Perkuat Keamanan Identitas Digital: Hadapi Ancaman Deepfake di RI

Dalam era digital yang terus berkembang, ancaman terhadap keamanan identitas semakin nyata. Indonesia, sebagai salah satu negara dengan pertumbuhan industri fintech yang pesat, kini dihadapkan pada tantangan besar: deepfake. Bersama dengan Asosiasi Fintech Indonesia (AFTECH), Advance.AI, penyedia solusi verifikasi identitas digital berbasis kecerdasan buatan, mengadakan diskusi bertajuk "Deepfake and the Challenge of Trust" untuk membahas hal ini pada hari Selasa lalu. Diskusi tersebut dihadiri oleh lebih dari 50 peserta yang terdiri dari regulator, pimpinan industri fintech, dan pakar teknologi.

Dalam diskusi ini, para narasumber menyoroti fenomena deepfake yang mengalami peningkatan yang sangat signifikan. Data terbaru menunjukkan bahwa kasus deepfake di kawasan Asia Pasifik meningkat sebesar 1.530% hanya dalam satu tahun, antara 2022 dan 2023. Studi FICO tahun ini pun mengungkapkan bahwa 64% masyarakat Indonesia pernah mengalami percobaan penipuan, sementara 36% lainnya merasa khawatir akan pencurian identitas.

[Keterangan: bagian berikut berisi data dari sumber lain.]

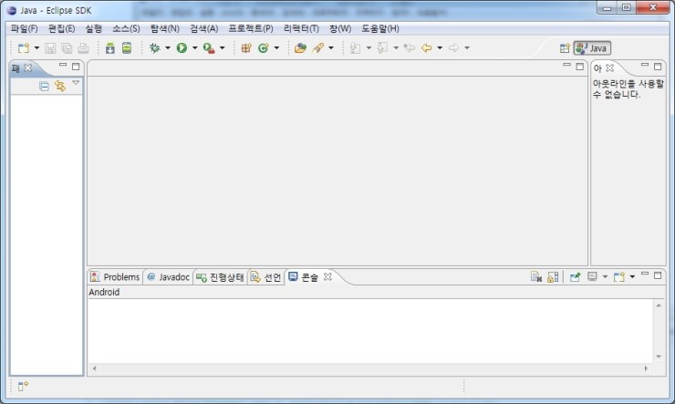 이제 이클립스를 실행하면 한글로 된 메뉴를 보실 수 있습니다.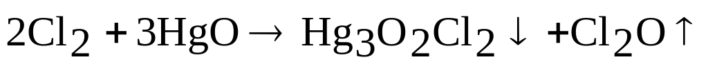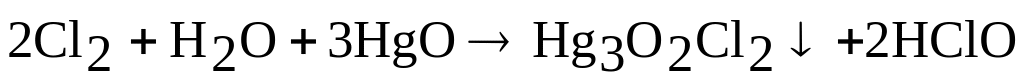 Хлорноватистая кислота HClO в свободном состоянии неустойчива, быстро разлагается на ClO2 и Н2О, поэтому существует только в разбавленных водных растворах. Получают путем взаимодействия газообразного хлора с оксидом ртути (II):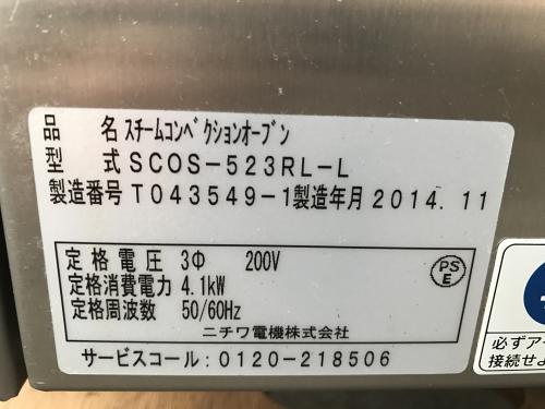 | 商品名 | 2014年 ニチワ 電気スチームコンベクションオーブン SCOS-523RL-L 200V |

Ludy Arlianto, Kepala Grup Inovasi Keuangan Digital dari Otoritas Jasa Keuangan (OJK), menegaskan pentingnya strategi manajemen risiko yang komprehensif. "Pemalsuan identitas dapat membahayakan keamanan dan privasi konsumen," ujarnya. Dalam blueprint Transformasi Digital Perbankan nasional, OJK telah mengidentifikasi risiko yang ditimbulkan oleh penggunaan teknologi canggih, termasuk deepfake, yang berpotensi mengelabui proses verifikasi Electronic-Know Your Customer (eKYC).

Sebagai langkah konkret, OJK telah menerbitkan Surat Edaran OJK No. 29 Tahun 2022. Surat edaran ini berisi tentang ketahanan dan keamanan siber serta pedoman anti-fraud untuk pelaku inovasi teknologi di sektor keuangan. Selain itu, OJK dan AFTECH sedang merancang kode etik untuk penggunaan kecerdasan buatan dan segera merilis Cybersecurity Guideline khusus untuk industri teknologi keuangan.

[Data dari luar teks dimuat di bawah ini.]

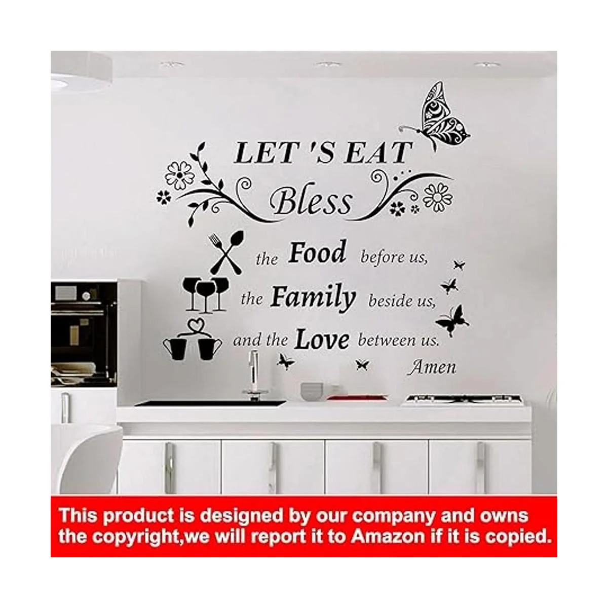 Calcomanías de pared de cocina, cena, comida, oración, calcomanías de pared de vinilo, citas de cocina, calcomanías de pared Lets Eat Bless The Food Before Us Firmar cristiano religioso dicho para comedor, hogar, restaurante

Aries Setiadi, Direktur Eksekutif AFTECH, menyampaikan harapannya untuk memanfaatkan kemajuan AI guna meningkatkan kepercayaan dalam ekosistem fintech. "Dengan memahami tantangan yang ada, kita dapat memanfaatkan inovasi AI tidak hanya untuk memitigasi ancaman deepfake, tetapi juga untuk memperkuat keamanan dan transparansi," ungkapnya.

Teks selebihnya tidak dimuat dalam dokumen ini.